Непогода улеглась, когда склонением[53] пригнало нас к третьему острову. Подойдя к нему, увидали безлюдье и скудость природы: токмо выкидной лес, а выше на склонах малый сосняк средь камней и орловые гнезда. Вершины на острову не приметили за облаками, ее окружающими.
Проплыв далее, в исходе мая прибыли к шестому острову. Обошли кругом его в искании безопасной гавани; оную обрели на полуденной стороне, где и строения имеются. Насилу подгребли, лавируя средь морской травы, которая наипаче удобна морскому зверю, во множестве здесь обретающемуся: морские львы длиною в полторы сажен и весом в сорок пуд, морские коты в половину льва, морские бобры малые и тюлени.
Остров высок, из гор черных, где преизрядно сосняку, листвяку и ельнику, також произрастает гишпанский тростник.

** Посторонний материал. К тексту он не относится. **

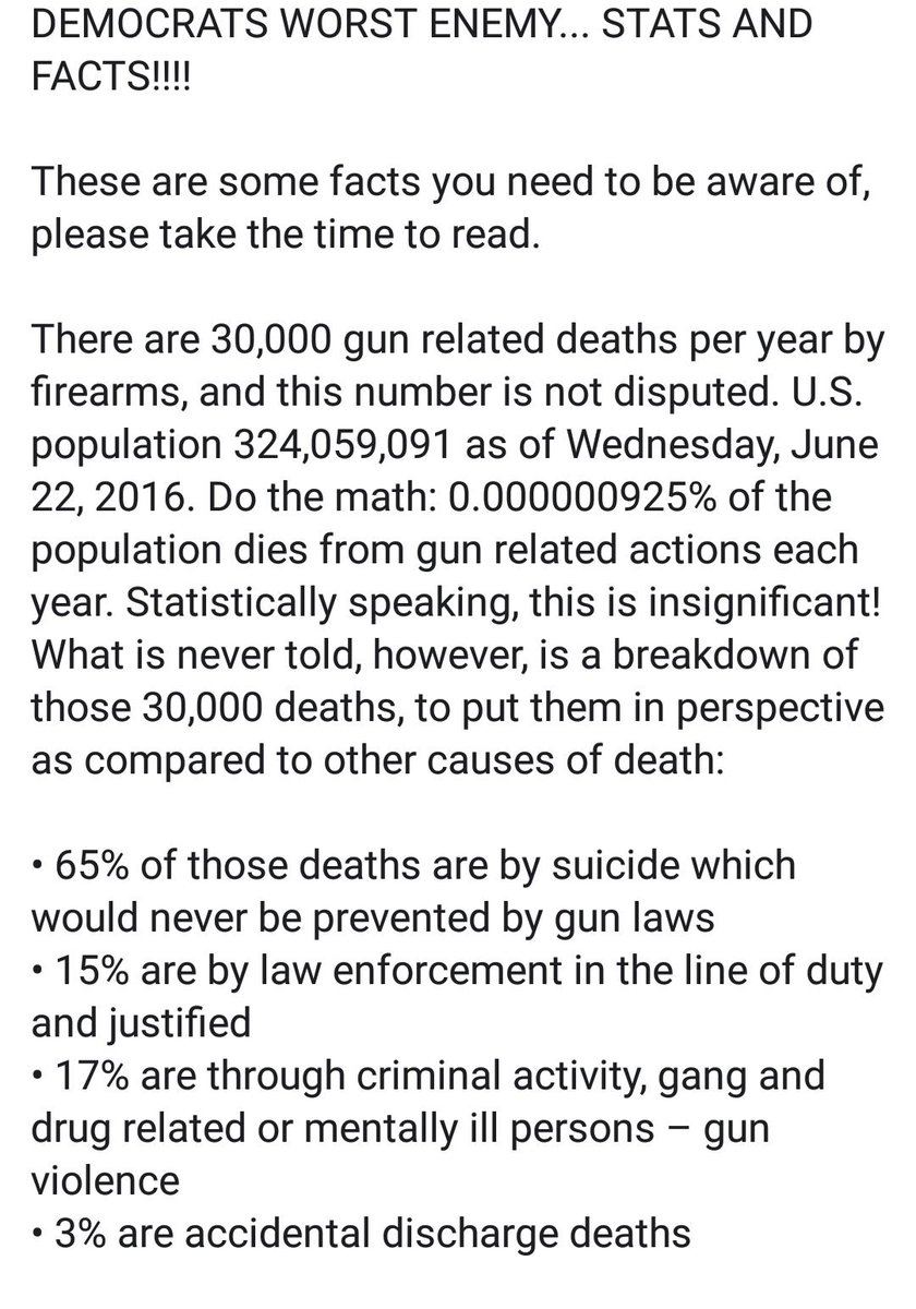 Average # of deaths per day in US: Abortion: 1,778 Heart disease: 1,773 Cancer: 1,641 Medical error: 685 Accidents: 401 Stroke: 401 Alzheimer's: 332 Diabetes: 228 Flu: 150 Suicide: 128 Opioids: 115 Drunk driving: 28 Underage drinking: 11 Teen texting-and-driving: 8 All Rifles: 1
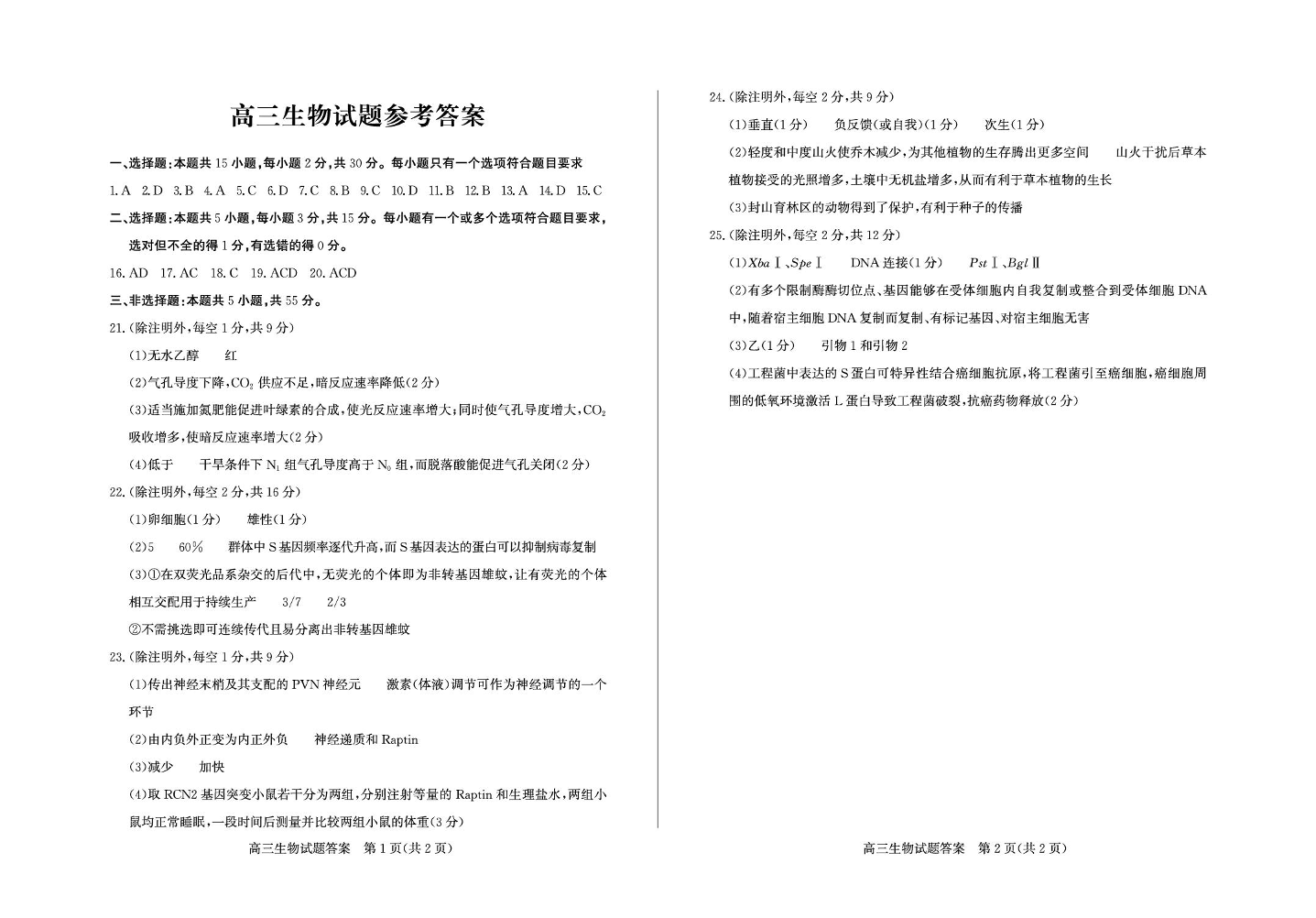 高三生物答案--山东德州市2026届高三下学期3月一模考试(德州一模)

Наказали мореходу и служителям лечь на якорь и не отлучаться с лодии, а сами на сушу сошли, встреченные тамошними жителями, схожими с теми, про коих монах сказывал. Островныя люди с камчатских инородцев ростом, сложения крепкаго, волосом черны, телом мохнаты, носят бороды окладистыя до пупа. Имеют луки и стрелы орловы, напоенныя ядовитым зельем из корня желтаго, в изобилии растущего меж камнями.